Все люди — эмигранты. Каждый покидает страну своего детства, словно из шалашика выбирается в небоскреб. Но сегодня мне кажется, что шалашик, построенный в детстве, был надежнее нынешнего монолитного дома с постоянной пропиской. А идеалы и ориентиры — если есть в детстве, конечно, идеалы и ориентиры — были более верными и честными. Мое поколение покинуло страну, в которой родилось, не по своей воле. Скорее, страна покинула нас. Но она сохранилась в памяти не пионерскими речевками, а капелькой росы на травинке, васильком во ржи, яркой бабочкой в зеленой траве. Или мальчиком, о котором и рассказать-то нечего. Потому что есть другие страны и народы, не географические, их не сыщешь на картах и атласах. Например, земля Ананан из сказки моей бабушки. Я верю, что она существует. У детей все по-другому, они мыслят иными категориями. Им принадлежат не страны — миры!
Я расскажу вам о необычном ребенке, который жил на моей родине — в моем детстве.
Вспоминаю хлопчика, бегущего по высокой траве и со счастливым смехом выпускающего из грязной ладошки ласточку в небо. Мне, пятилетней, тогда уже разрешали выходить за пределы двора одной, и я однажды увидела мальчика, стоящего по колено в куче песка.
— Как тебя зовут? — спросила и зашла в его владения по щиколотку.
— Вока,— ответил мальчик и ткнул в меня пальцем.— Ты?
— Лёля.— Я вошла в горячую гору по колено, как он.
— Ла,— повторил он и весело подбросил вверх песок. Я не понимала, что мальчик этот — не такой, как все. Еще не знала, что бывают люди «не такие». И стала делать, как он,— бросать песочек вверх. Мое белое в синий горошек платье подверглось испытанию песочным дождем. А потом пошел дождь настоящий, водяной, острый, солнечный, колкий: дождинки — как золотые песчинки. Я была уверена, что мальчик как-то связан с этим. Наворожил? Просто он захотел пить — и пошел дождь. Вока пил свет дождя, запрокидывая голову, и я делала так же.

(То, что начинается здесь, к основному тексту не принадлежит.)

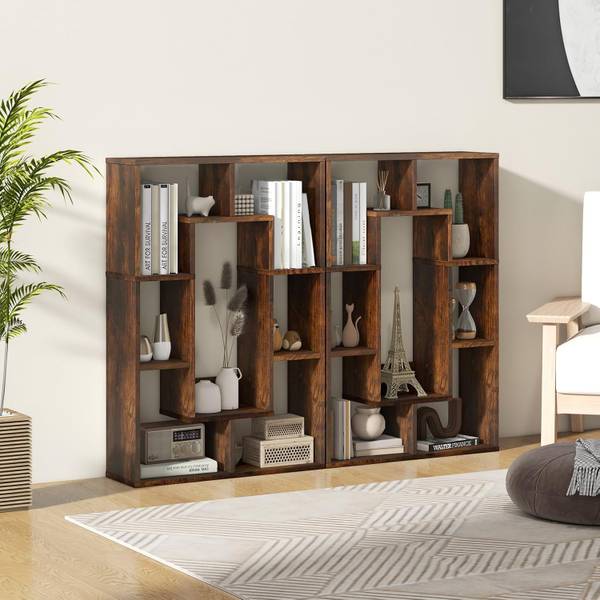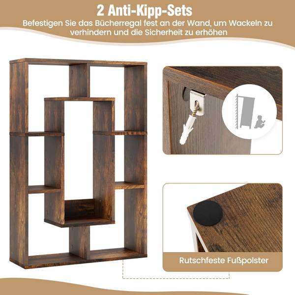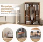 Das geometrische Bücherregal ist eine ästhetisch ansprechende Ergänzung für Ihr Zuhause! Mit insgesamt 7 Fächern hilft Ihnen das durchdacht gestaltete Bücherregal dabei, einen organisierten und funktionalen Raum zu schaffen. Sicherheit steht an erster Stelle, weshalb diese Bodenvitrine mit 2 Kippsicherungen ausgestattet ist. So können Sie das Bücherregal fest an der Wand befestigen, um ein Wackeln zu verhindern und die Sicherheit zu erhöhen. Zusätzlich zu seinen praktischen Eigenschaften ist dieses Bücherregal ein Blickfang für verschiedene Orte. Es kann als gewöhnliches Bücherregal, Ausstellungsregal oder Raumteiler in Ihrem Zuhause und Büro verwendet werden.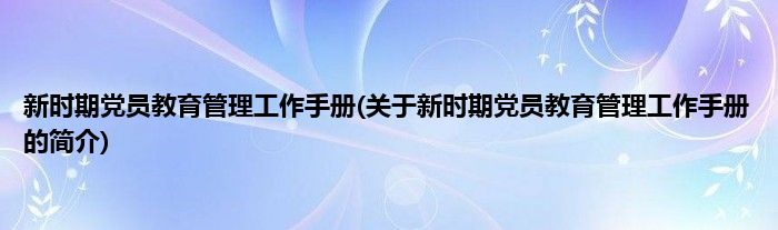 新时期党员教育管理工作手册(关于新时期党员教育管理工作手册的简介)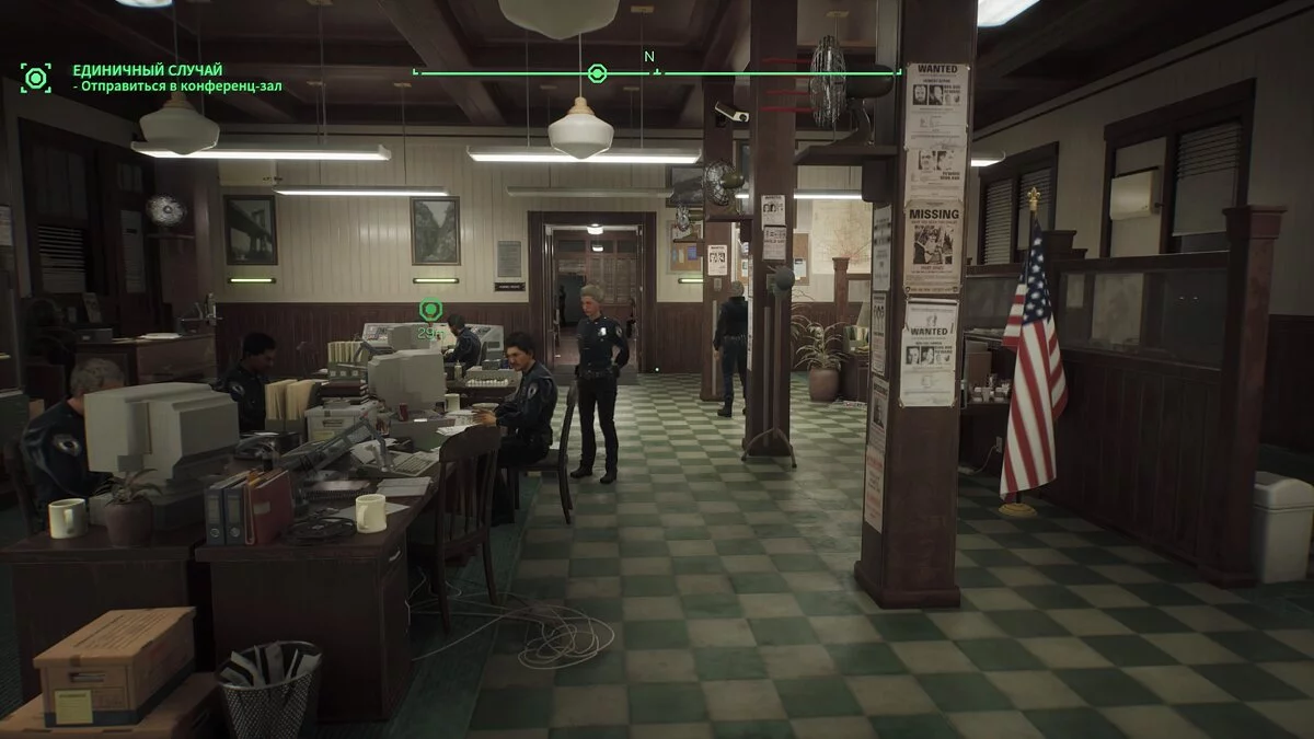 Структурно игра напоминает Deus Ex: Human Revolution, но без глубины. У нас есть активные миссии и большие мирные эпизоды — либо в городе, либо в полицейском участке. По мере прохождения к сюжетным заданиям добавляются редкие второстепенные. В боевых эпизодах это зоны для дополнительной зачистки, а в мирных — расследования.

На следующее утро я увидела Воку на тропинке, ведущей в лесополосу, вылезла в окно и пошла по следам его босых ног. Он бежал так быстро, что за ним трудно было успеть, и наконец потерялся из виду. Целый день до позднего летнего вечера я бродила по лесу босая, а потом села на пенек и захныкала. Долго я ждала подмоги, изошлась плачем до дрожи... Страшно было умереть на этом пеньке и никогда не увидеть маму и папу. А страшнее всего было то, что родители заругают бабушку. «Лёлю съели волки, только ты и виновата: это ты ее отпустила! Нельзя даже в командировку уехать!» — будет кричать папа, а мама — плакать. И меня не радовали ни муравейник, журчащий коричневым ручейком неподалеку, ни колокольчик, в сумерках леса звенящий среди папоротника крохотным пестиком о резной полупрозрачный купол. Мой обычно обостренный слух ничего не воспринимал и не воображал. У меня зудели стопы, мерзла спина и ныло и переворачивалось что-то в животе. И вдруг я услышала, как перебежками подкрадывается на мягких лапах волк или рысь, а может, и медведь, чтобы съесть меня вместе с горящими пятками и заложенным носом, и я горько зарыдала во весь голос. Хищник превратился в Воку, грязного, исцарапанного.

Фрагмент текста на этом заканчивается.